[[ Input data open ]]
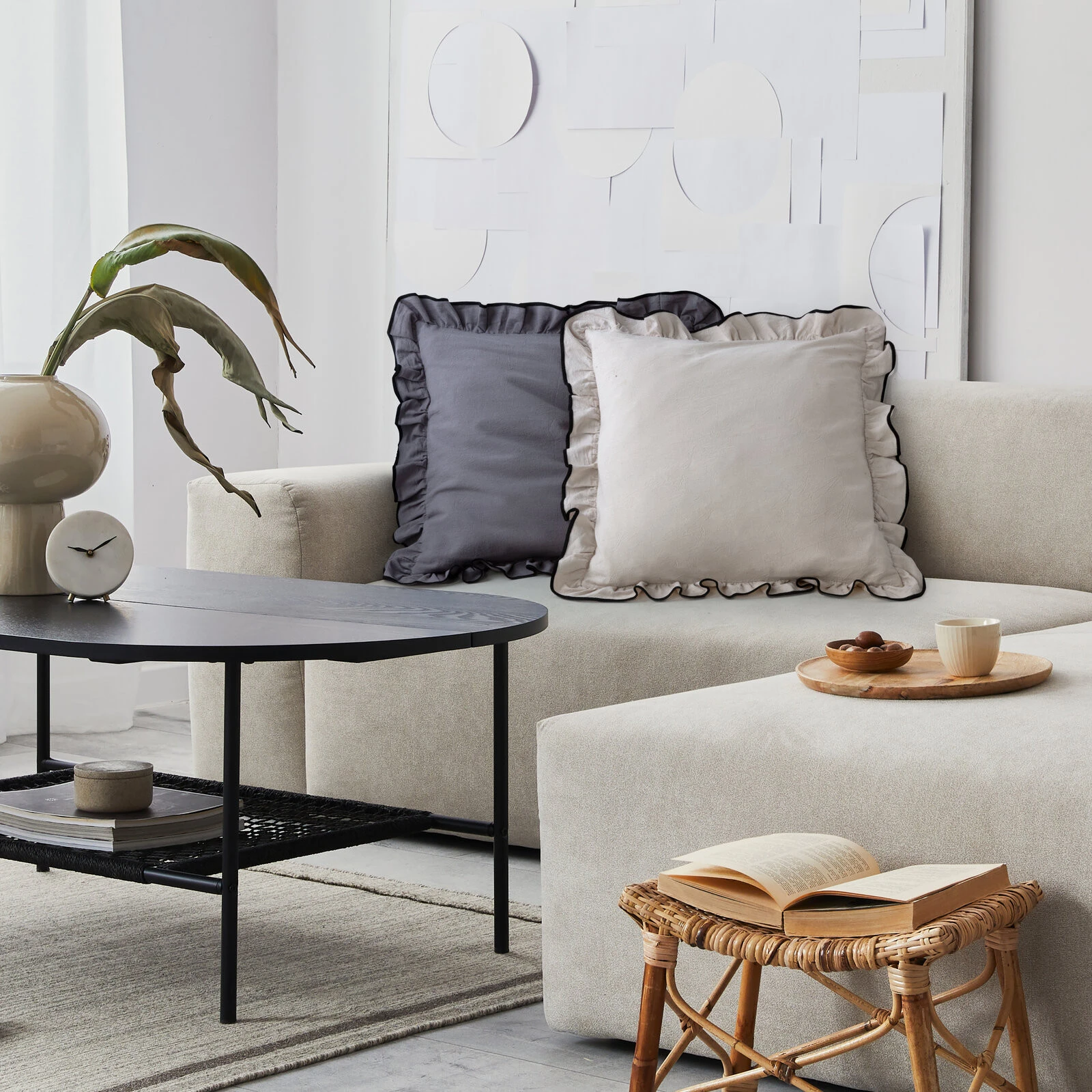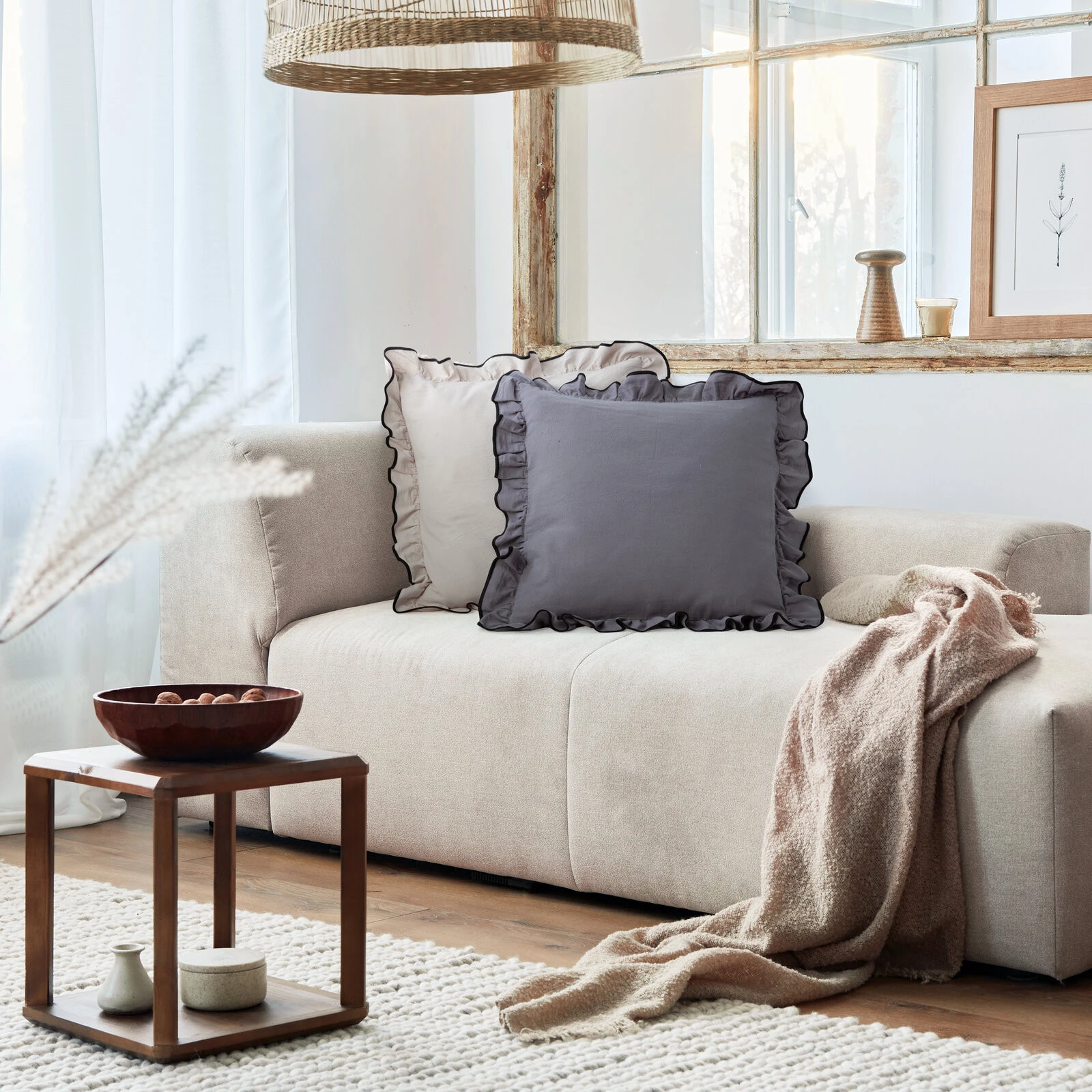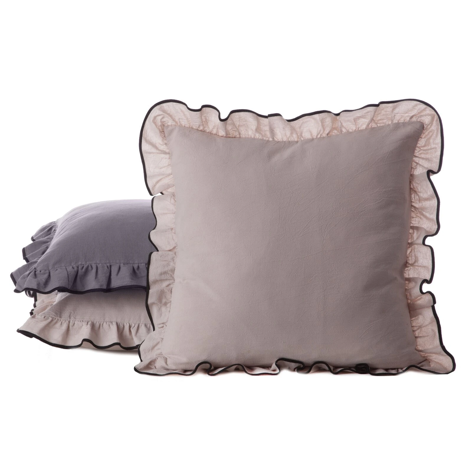 Poszewka dekoracyjna w stylu boho zdobiona falbankami szerokość: 45 cm, długość: 45 cm, kolor: stalowy, Skład: 100% bawełna
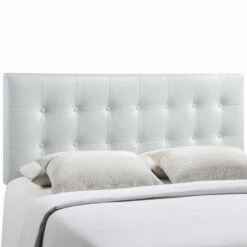 Renew the atmosphere of your bedroom with this charming Daisy headboard from Copper Grove. The straight back headboard is made from MDF, LVL, plywood, up with fabric upholstery available in black or white. The adjustable headboard features deep inset button tufting and stitched detailing, and comes in full size, making this elegant piece the perfect finishing touch to your room.
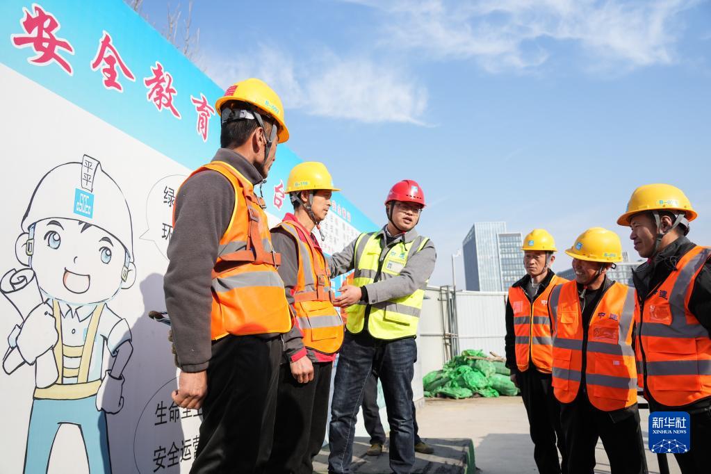 1月31日,在濟南浪潮智能計算產(chǎn)業(yè)園建設現場(chǎng),中建三局技術(shù)人員召集施工班組上好“安全生產(chǎn)復工第一課”。
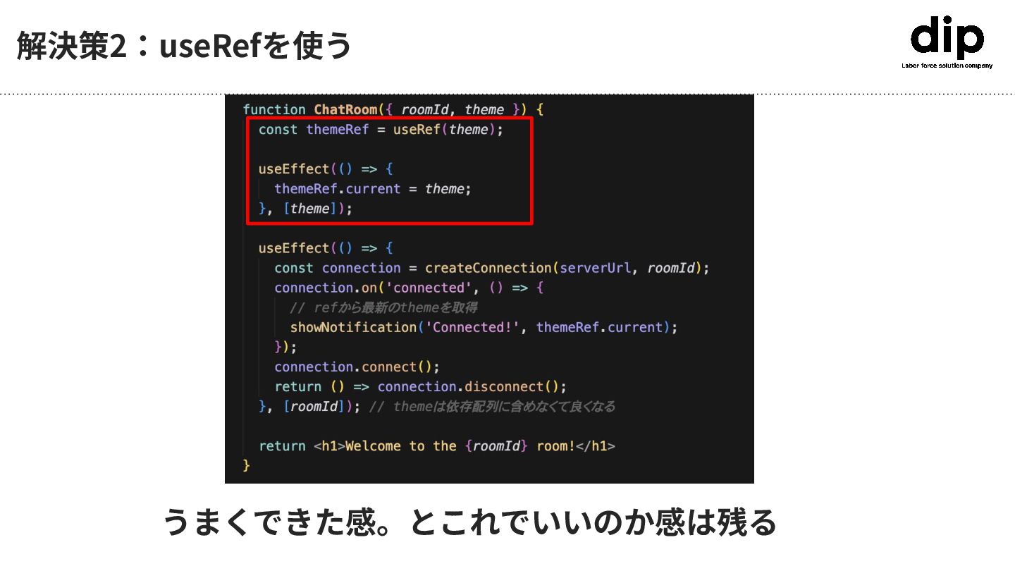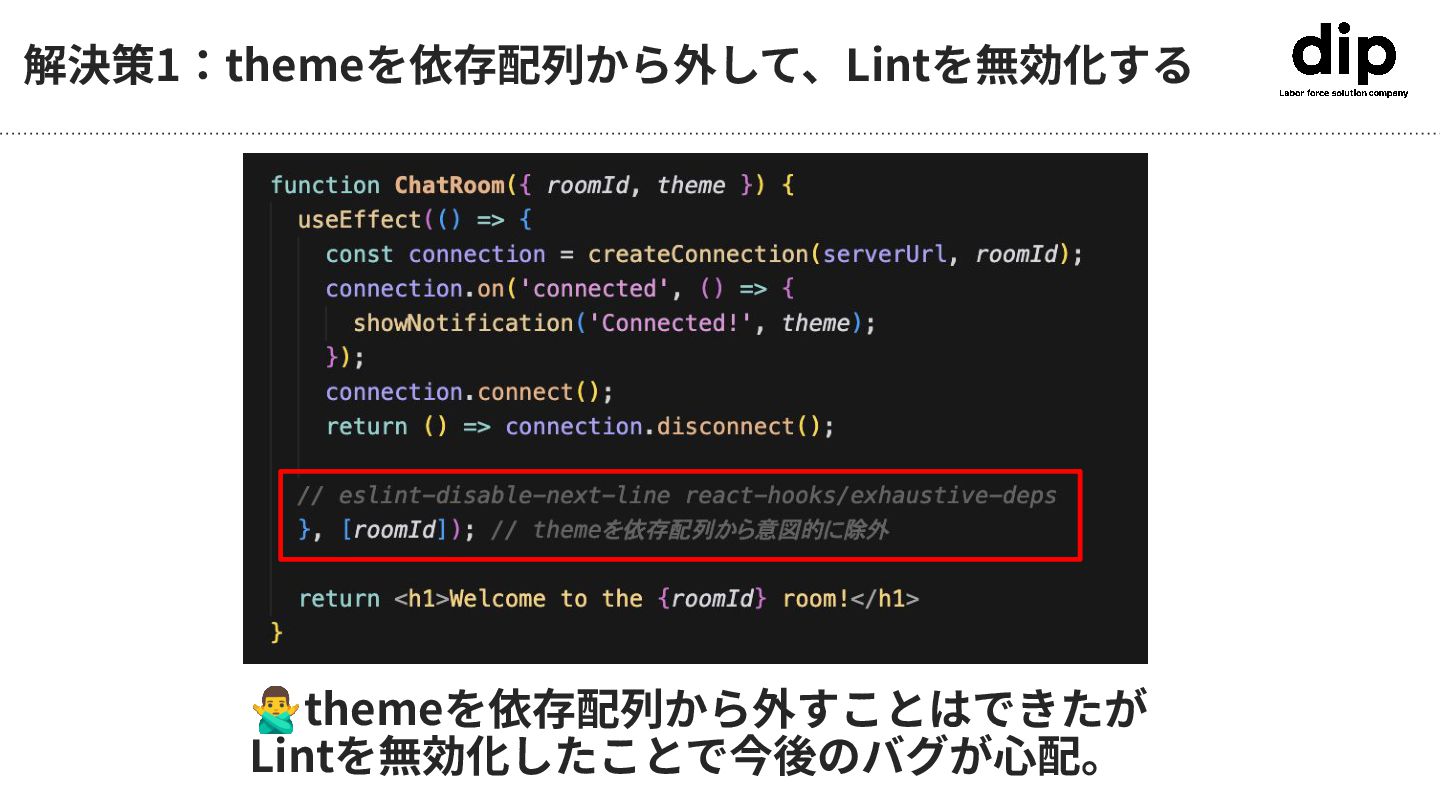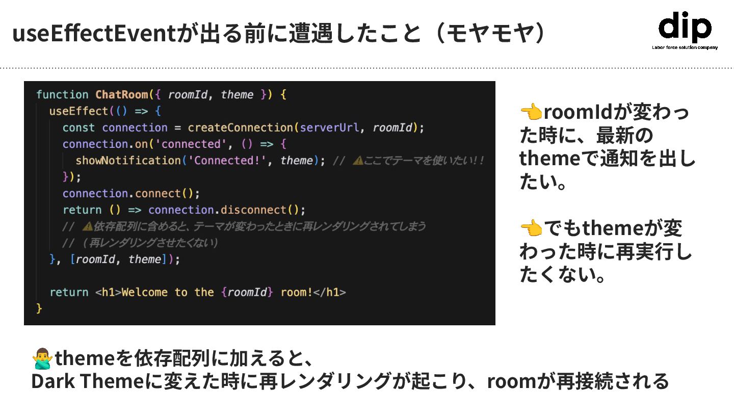 useEffectEventが出る前に遭遇したこと(モヤモヤ) themeを依存配列に加えると、 Dark Themeに変えた時に再レンダリングが起こり、roomが再接続される 👈roomIdが変わっ た時に、最新の themeで通知を出し たい。 👈でもthemeが変 わった時に再実⾏し
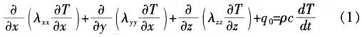 式中:T/x,T/y,T/z為沿x,y,z方向的溫度梯度;λxx,λyy,λzz為熱導(dǎo)率;q0為單位體積的熱生成;ρc是密度與比熱容的乘積:dT/dt為溫度隨時(shí)間的變化率。
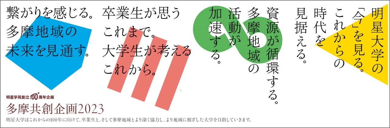 明星学苑が2023年に創立100周年を迎えたことを記念して、明星大学で2023年10月~12月にかけて開催した「多摩共創企画2023」について、明星大学公式noteにて紹介しております。 記事内では、「多摩共創企画2023」で開催した下記の4つの企画をまとめたダイジェスト版の動画もご覧いただけます。
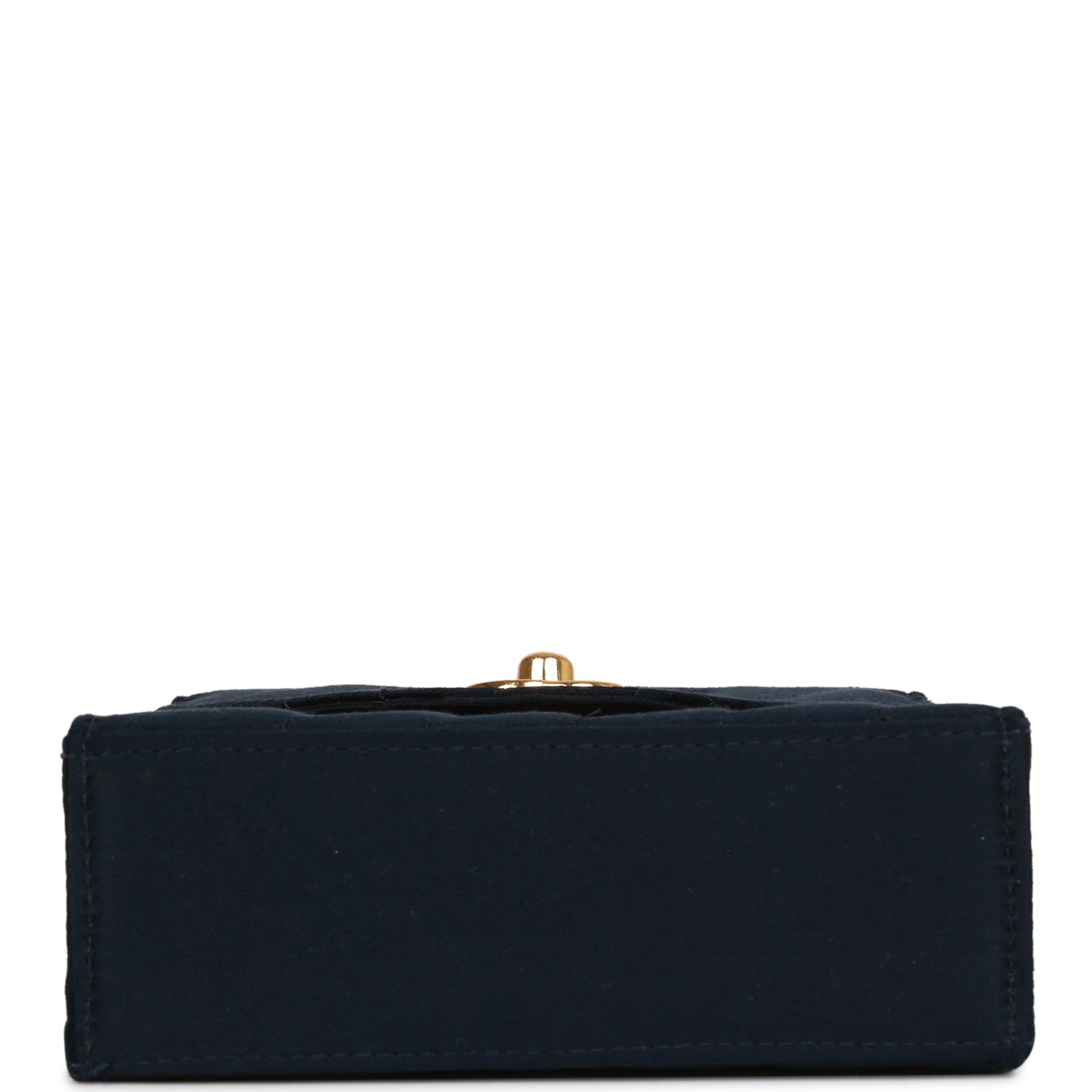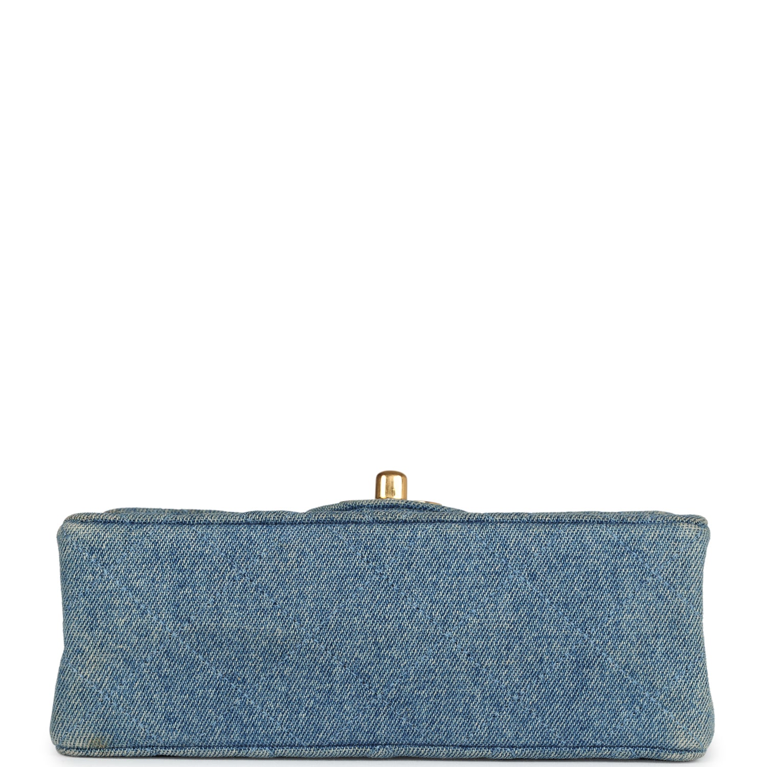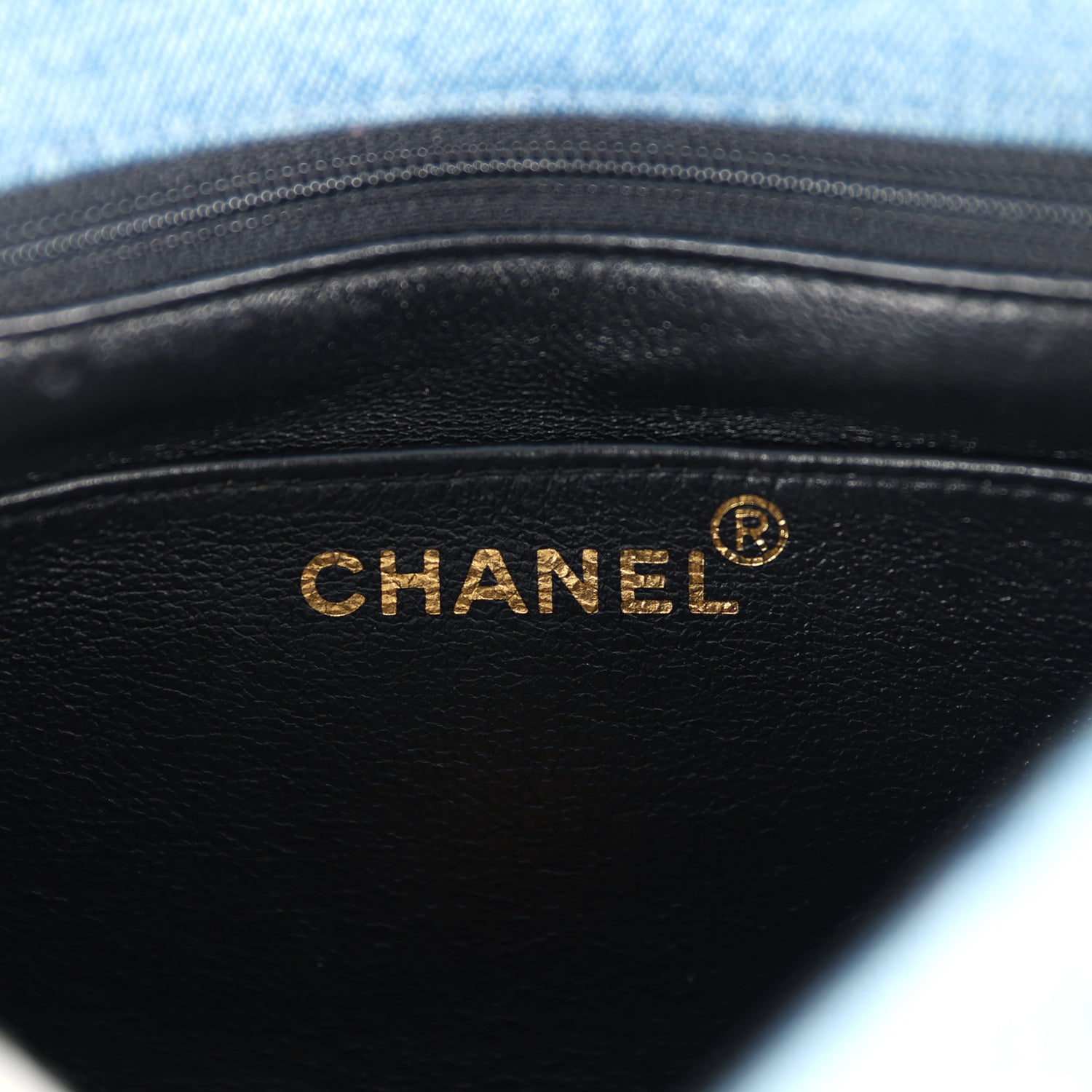 Vintage Chanel Mini Square Flap Bag Blue Denim Gold Hardware
[[ Input data closed ]]
▶ Your goal
Reproduce the listing above exactly from the line containing "式中:T/x,T/y,T/z" up to and including the line containing "明星学苑が2023年に創立1", omitting any images and everything outside those lines.

▶ Exercise response
 式中:T/x,T/y,T/z為沿x,y,z方向的溫度梯度;λxx,λyy,λzz為熱導(dǎo)率;q0為單位體積的熱生成;ρc是密度與比熱容的乘積:dT/dt為溫度隨時(shí)間的變化率。
 明星学苑が2023年に創立100周年を迎えたことを記念して、明星大学で2023年10月~12月にかけて開催した「多摩共創企画2023」について、明星大学公式noteにて紹介しております。 記事内では、「多摩共創企画2023」で開催した下記の4つの企画をまとめたダイジェスト版の動画もご覧いただけます。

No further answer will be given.